The solid organ transplantation (SOT) recipients had V005 (kidney), V013 (liver), V015 (heart), and/or V277 (lung) codes according to the transplant organ for RID registration, which are consistent with the Z94 codes in the ICD-10 (Z94.0, Z94.1, Z94.2, Z94.3, and Z94.4 for the kidney, heart, lung, heart and lung, and liver, respectively). End-stage renal disease (ESRD) on dialysis was identified using V001 and V003 RID codes, identical to ICD-10 N18.5 code (chronic kidney disease, stage 5). HIV-1-infected individuals were identified using the V103 RID code in compliance with ICD-10 B20-B24 codes [17]. In addition, hypertension (I10-I13, I15), type 2 non-insulin-dependent diabetes mellitus (NIDDM) (E11), dyslipidaemia (E78), malignant neoplasms including haematologic malignancies and excluding in situ neoplasms (C00-C86.6, C88, C90-C97, and D37-48), and haematopoietic stem cell transplantation (HSCT) recipients (Z94.8) were identified using ICD-10 codes [17].

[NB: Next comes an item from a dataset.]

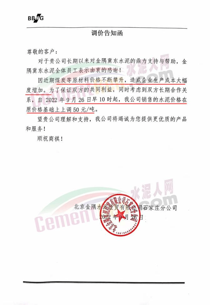 北京金隅水泥有限公司石家莊分公司通知,因近期煤炭等原料價(jià)格不斷攀升,造成企業(yè)生產(chǎn)成本大幅度增加。自9月26日早10時(shí)起,公司銷售的水泥價(jià)格在原基礎(chǔ)上上調(diào)50元/噸。

Body mass index (BMI) was calculated as weight/height × height (kg/m2) and categorised as <25 and ≥25 kg/m2. Low income status was defined as the lower 25th percentile of annual household income, based on data from the 2010 South Korean Population and Housing Census [14].
Statistical analysis
Categorical and continuous data were presented as numbers (percent) and mean ± standard deviation, respectively. The exposed and unexposed groups were compared using the χ2 and independent t-tests. Kaplan-Meier curves adjusted for age and sex were used to analyse the incidence and probability of dementia according to the presence of CMV diseases. In survival analyses, the time to diagnosis was determined as events indicating diagnostic time, to the time of new-onset moderate-to-severe dementia. Censored data were determined as death or follow-up end prior to the event, that mainly occurred owing to late enrolment in the cohort. Our study did not have type 2 censoring by loss to follow-up or drop out. The proportion of censored data in the exposed and unexposed group was similar (1.18-fold, 14.6% vs. 12.4%, respectively). Multivariate logistic regression analyses using model 1 (M1, non-adjusted), model 2 (M2, adjusted for age, sex, low income status, and BMI), and model 3 (M3, adjusted for age, sex, low income status, BMI, SOT and/or HSCT recipients, malignant neoplasms, ESRD on dialysis, NIDDM, hypertension, and dyslipidaemia) were performed to evaluate the impact of CMV diseases on moderate-to-severe dementia development. Statistical analyses were performed using the Statistical Analysis System (SAS) program (version 9.2; SAS Institute, Cary, NC). Two-tailed P values<0.05 were considered significant.